Phoebe se volvió, sobresaltada.
Fox se sintió irritado por un momento. No era un sentimiento racional, sólo la sensación de que algo… no estaba bien. Primero se mostraba cariñosa y luego, de repente, parecía a la defensiva.
Y había algo… algo que no podría explicar. Algo que estaba pasando entre ellos… como cenizas que pudieran volverse carbones encendidos cuando se removían.
Y tenía la impresión de que Phoebe también sentía algo por él. Algo sexual. O quizá algo más importante. Y eso no podía ser porque por ahora, y en el futuro inmediato, no estaba en condiciones de cuidar de nadie.
De modo que al hacer eso quizá había querido asustarla. O molestarla.
A saber. Su cerebro llevaba meses sin funcionar apropiadamente.
Pero cuando la tomó por la cintura, cuando se volvió hacia él, cuando vio el brillo de sus ojos… supo que iba a besarla.
Sabía que el beso estaba llegando.
Y entonces…
Entonces lo hizo.
Besó aquella boca suave, generosa, sexy.
¿Quién habría adivinado que sería una explosión? Quizá hacía tiempo que no la besaba nadie. A lo mejor estaba ovulando. A lo mejor le gustaba de verdad… bueno, esta última teoría no parecía muy creíble. Los hombres Lockwood solían ser imanes para las mujeres, Fox incluido, pero él había perdido esa habilidad al tener el cuerpo lleno de cicatrices.
Pero maldición…
Ella lo encendía, aunque, no pudiera explicar por qué.
Phoebe enredó los brazos en su cuello. Su boca se plegó a la suya, moviéndose, comunicándole su anhelo. Comunicándole deseo. De repente, sus pechos se aplastaban contra su torso…
La sábana en la que iba envuelto dejó de luchar contra la gravedad y cayó al suelo. Sabía que no podría estar de pie mucho tiempo, no sólo por la pierna herida sino porque toda la sangre de su cuerpo estaba por debajo de la cintura.
Tomó su cara entre las manos, sujetándola mientras intentaba entender cómo un beso se había convertido en el Armagedón. Le dio otro beso para descubrirlo, ya que el primero había despertado tantas preguntas y contestado ninguna. Después de un tercero, perdió la cabeza.
Desde que sufrió el accidente, no había habido mujeres en su vida. Fox pensaba que el amor y el sexo habían desaparecido de su vida indefinidamente. ¿Cómo iba a saber que esa privación lo estaba volviendo loco? ¿O que lo preocupaba saber si su cuerpo podría seguir funcionando con normalidad?
Así era.
«Charlie», suelto, se movía como el rabo de un cachorro, empujando contra el abdomen de Phoebe con desinhibido entusiasmo. Ella era bajita. Muy bajita. Si tuviera fuerza, podría haberla tomado en brazos y… pero si lo hacía caerían los dos al suelo.
Tocarla, acariciarla, besarla, lo hacía sentirse como un hombre al que le ofrecieran un vaso de agua clara y fresca después de semanas en el desierto. Ella era como el agua, líquida, a su alrededor, sus besos ahogando el dolor, cualquier dolor.
No había tiempo para meter el pie en el agua y probar la temperatura. Así que se tiró de cabeza, boca, codos, cerebro, corazón… y Charlie, por supuesto.

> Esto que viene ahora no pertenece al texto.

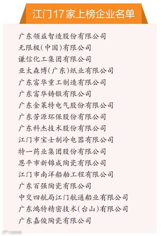 广东省制造业500强企业是全省规模以上制造业的领头羊,带动着整个行业以及产业链的发展,是全省制造业、区域经济企稳及持续发展的主力军。报告显示,此次我市上榜企业中,广东领益智造股份有限公司、无限极(中国)有限公司、谦信化工集团有限公司、亚太森博(广东)纸业有限公司4家企业入围100名之内。
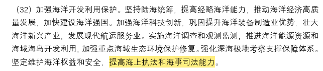 海事安全保障: 为保障运输通道安全,《建议》特别强调“坚定维护海洋权益和安全”,并提出要“提高海上执法和海事司法能力”。
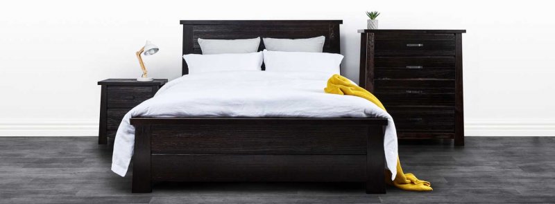 The rustic Jack super king bed frame is completed with a dark wood finish, giving a robust yet modern look, making your bedroom distinctive.
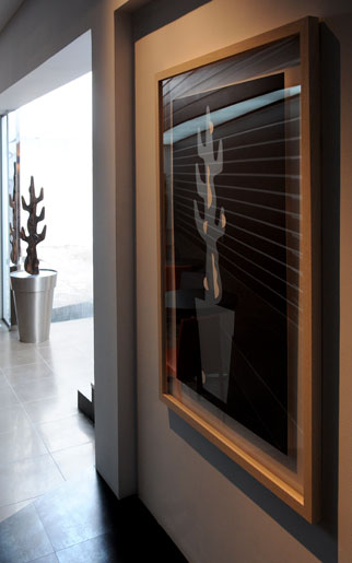Khalid Farhan displays his new experience in this building with his sculpture and collage works using copper and chrome as raw materials. His sculptural works are characterized by the nation of the abstract using the brown color as reference to the coffee.
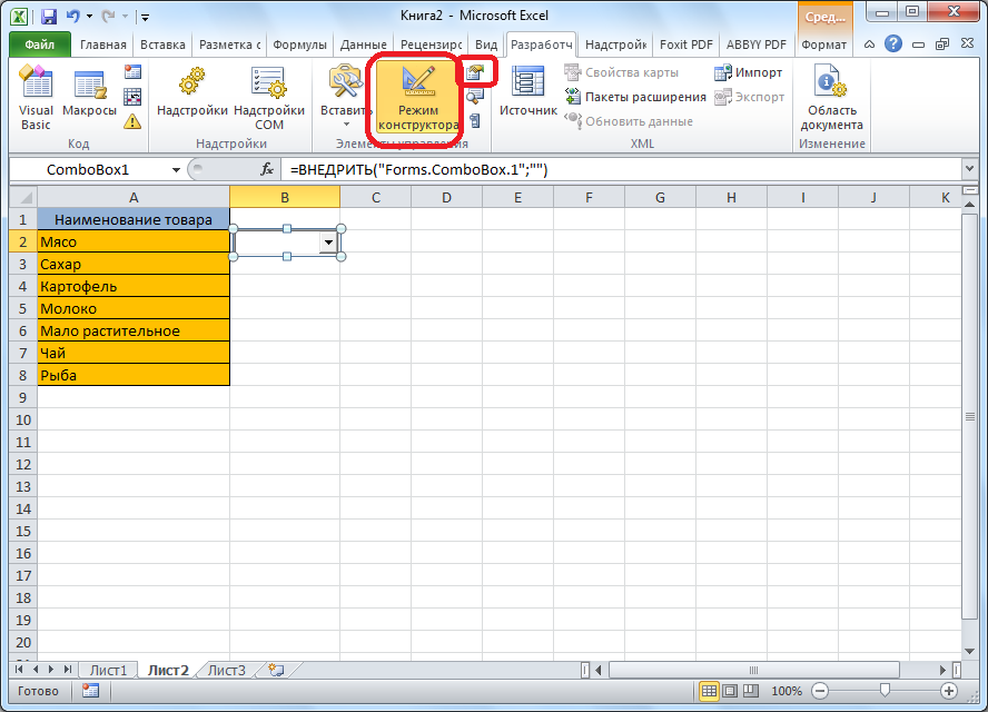 Способ 3 — как в excel сделать выпадающий список с использованием ActiveX
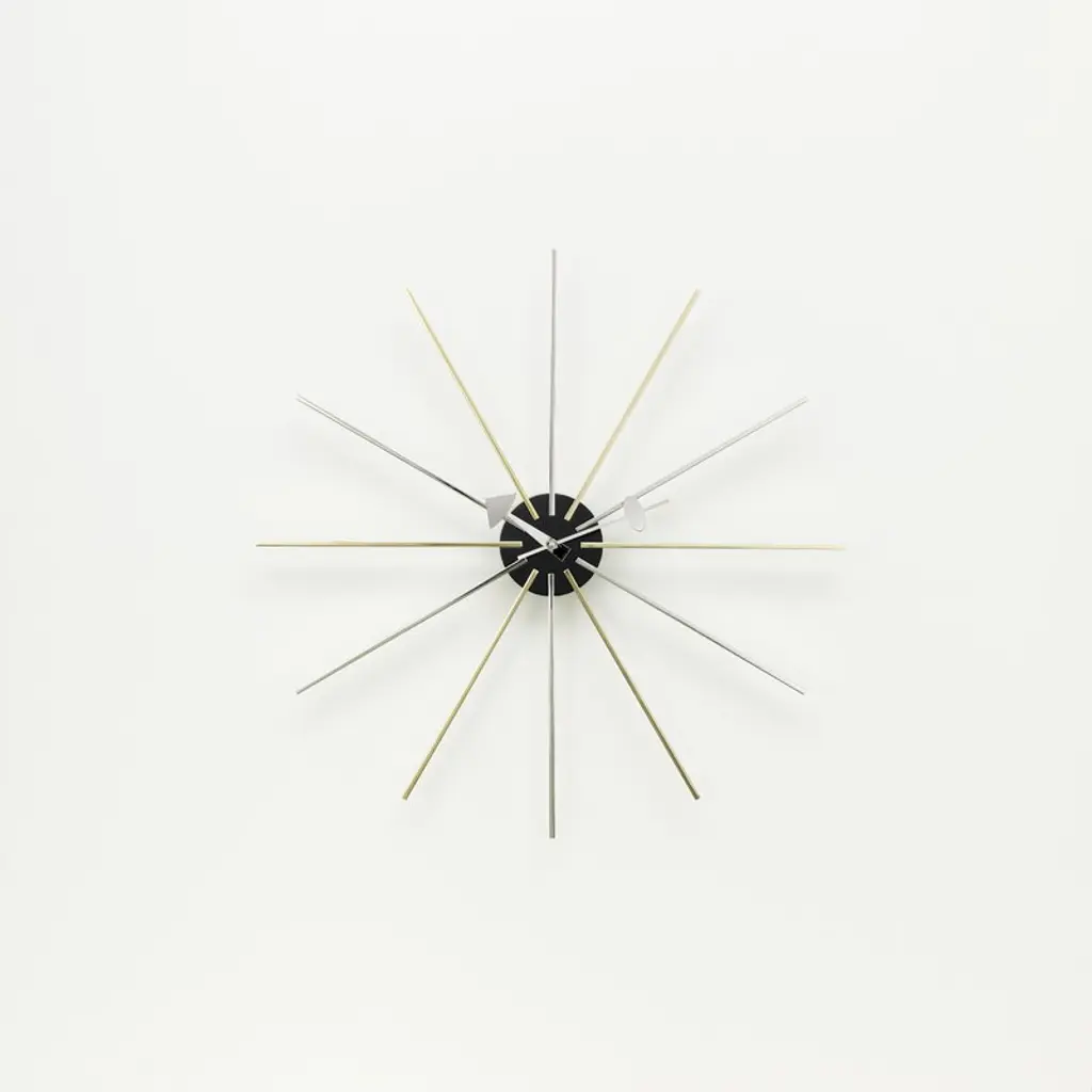 Vitra’s Star Clock from 1955 is an elegant piece of art that will catch the eye in any room. The high-quality quartz movements and carefully designed details make the clock a reliable timepiece as well as a stunning decorative item. Between the years 1948–1960, George Nelson’s office designed over 150 clocks for the American clock manufacturer Howard Miller. The collection consists of wall clocks and table clocks characterized by imaginative shapes, modern spirit and the absence of numbers. Nelson’s mission was to add more modern design to ordinary American homes, and he succeeded in a brilliant way – today the clocks are cherished as international design classics and masterpieces of mid-century American design.
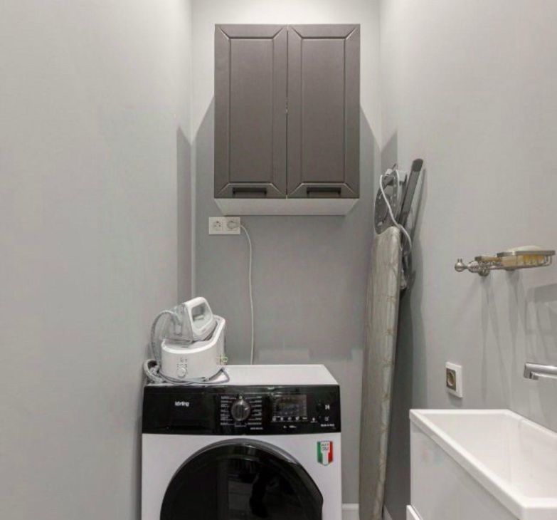 Комфортная планировка содержит в себе одну изолированную спальню со своей гардеробной, еще одна гардеробная в просторной прихожей, там же санузел, отдельная постирочная зона и просторная кухня-гостиная с ТВ-зоной и зоной отдыха.

Ella no dejaba de besarlo. Y emitía una especie de gemidos suaves, tristes, emocionados. Sus pechos se ponían duros, se aplastaban contra él. Se agarraba a él como si no quisiera soltarse nunca.
Muy bien. Fox por fin lo entendía.
No era real. No era normal. Era una bruja. Las mujeres de verdad no respondían así ante un hombre al que no conocían de nada. Phoebe se portaba como si quisiera que le hiciera de todo, como si hubiera perdido toda inhibición en cuanto la tocó, como si él fuera el hombre más sexy del mundo. Como si no hubiera vivido hasta que él la besó.
Fox recordó entonces una fantasía de cuando tenía dieciséis años. Así era como soñaba que sería con una chica… pero entonces se hizo mayor, claro. Con las mujeres de verdad había que hacer un esfuerzo. Las mujeres tenían que conocer a un hombre antes de confiar en él y la confianza era necesaria para que el sexo fuera interesante. En fin, el sexo siempre era interesante, pero para que fuera bueno de verdad, merecía la pena esperar.
Con Phoebe era… era como si alguien la hubiera creado sólo para él. Sabía cómo tocarlo, cómo suspirar para volverlo loco.
Era tan raro. Llevaba meses débil como un gatito y ahora, de repente, se sentía tan poderoso como para mover montañas.
Y la culpa era de aquella maldita pelirroja que lo había hecho pensar en el amor otra vez. En despertar al lado de alguien cada mañana. En enredar los dedos en aquel pelo largo y rojo cada noche.
– Oye…
Parecía su voz, más ronca que nunca, interrumpiéndolos. No la de ella.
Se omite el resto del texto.